I. A REEMERGÊNCIA DA NAÇÃO
A “nação”, claro, não é o mesmo que o estado, uma diferença que os primeiros libertários e liberais clássicos tais como Ludwig von Mises e Albert Jay Nock compreendiam perfeitamente. Os libertários contemporâneos muitas vezes assumem, erradamente, que os indivíduos estão ligados uns aos outros apenas através do mercado. Esquecem-se que todos nascemos enquanto membros de uma certa família, linguagem e cultura. Todos nascemos a pertencer a uma ou várias comunidades sobrepostas, incluindo tipicamente um grupo étnico com valores, culturas, crenças religiosas e tradições específicas. Nascemos geralmente num “país”. Nascemos sempre num contexto histórico específico associado a uma certa época e um certo lugar, ou seja, uma comunidade e um território.
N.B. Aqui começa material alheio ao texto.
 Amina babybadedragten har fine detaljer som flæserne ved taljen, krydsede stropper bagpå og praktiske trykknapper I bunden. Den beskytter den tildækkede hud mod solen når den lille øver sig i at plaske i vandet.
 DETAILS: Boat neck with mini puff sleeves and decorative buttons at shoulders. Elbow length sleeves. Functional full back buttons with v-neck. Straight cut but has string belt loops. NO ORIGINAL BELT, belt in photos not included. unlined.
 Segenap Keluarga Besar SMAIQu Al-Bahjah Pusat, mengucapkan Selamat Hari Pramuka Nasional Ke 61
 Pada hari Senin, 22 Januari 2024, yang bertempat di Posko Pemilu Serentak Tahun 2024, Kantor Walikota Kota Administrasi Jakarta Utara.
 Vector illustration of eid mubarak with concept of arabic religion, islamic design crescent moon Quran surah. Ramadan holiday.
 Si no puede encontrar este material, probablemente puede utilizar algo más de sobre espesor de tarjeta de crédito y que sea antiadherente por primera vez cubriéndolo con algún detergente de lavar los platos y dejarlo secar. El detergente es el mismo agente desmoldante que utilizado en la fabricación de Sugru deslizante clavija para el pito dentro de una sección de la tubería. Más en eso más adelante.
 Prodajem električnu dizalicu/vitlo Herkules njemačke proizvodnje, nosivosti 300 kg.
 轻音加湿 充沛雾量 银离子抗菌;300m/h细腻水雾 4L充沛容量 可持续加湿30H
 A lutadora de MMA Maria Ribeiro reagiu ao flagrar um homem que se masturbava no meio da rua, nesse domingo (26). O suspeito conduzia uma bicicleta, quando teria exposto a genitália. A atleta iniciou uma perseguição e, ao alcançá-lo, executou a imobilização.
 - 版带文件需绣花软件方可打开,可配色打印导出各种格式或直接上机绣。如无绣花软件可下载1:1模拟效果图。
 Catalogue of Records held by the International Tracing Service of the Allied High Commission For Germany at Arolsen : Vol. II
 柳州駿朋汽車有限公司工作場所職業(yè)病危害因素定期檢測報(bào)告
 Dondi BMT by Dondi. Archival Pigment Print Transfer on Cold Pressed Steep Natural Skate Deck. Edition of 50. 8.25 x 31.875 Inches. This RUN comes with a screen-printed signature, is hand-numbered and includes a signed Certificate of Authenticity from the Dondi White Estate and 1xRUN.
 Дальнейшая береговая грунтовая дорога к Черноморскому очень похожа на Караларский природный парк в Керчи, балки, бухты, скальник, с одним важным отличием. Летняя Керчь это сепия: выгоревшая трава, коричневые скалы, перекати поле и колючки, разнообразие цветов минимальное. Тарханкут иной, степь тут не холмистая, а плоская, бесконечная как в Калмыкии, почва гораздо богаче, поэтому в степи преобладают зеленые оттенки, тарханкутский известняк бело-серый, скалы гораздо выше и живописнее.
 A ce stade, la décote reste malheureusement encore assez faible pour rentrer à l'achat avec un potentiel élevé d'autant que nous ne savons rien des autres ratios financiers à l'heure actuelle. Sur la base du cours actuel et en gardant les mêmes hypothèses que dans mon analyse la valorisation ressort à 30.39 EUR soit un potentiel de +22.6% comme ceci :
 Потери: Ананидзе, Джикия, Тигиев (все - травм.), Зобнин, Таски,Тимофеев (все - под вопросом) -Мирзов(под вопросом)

O estado-nação Europeu moderno, o típico “poder maior”, não começou de todo como uma nação, mas sim como uma conquista “imperial” por uma nacionalidade – normalmente no “centro” do país resultante, e com base na cidade capital – de outras nacionalidades periféricas. Uma vez que uma “nação” é um conjunto de sentimentos subjectivos de nacionalidade baseados em aspectos objectivos da realidade, os estados centrais imperiais tiveram diferentes graus de sucesso em forjar um sentimento de união nacional entre as nacionalidades conquistadas à periferia que incorporasse uma submissão ao centro imperial. Na Grã-Bretanha, os Ingleses nunca conseguiram realmente erradicar as aspirações nacionais entre as nacionalidades Celtas, os Escoceses e os Galeses, apesar de o nacionalismo Córnico ter sido maioritariamente erradicado. Em Espanha, os conquistadores Castelhanos, com base em Madrid, nunca conseguiram – como o mundo testemunhou nos Jogos Olímpicos em Barcelona – apagar o nacionalismo entre os Catalães, os Bascos, ou até os Galegos ou Andaluzes. Os Franceses, saindo da sua base em Paris, nunca conseguiram banir totalmente os Bretões, os Bascos, ou o povo de Languedoque.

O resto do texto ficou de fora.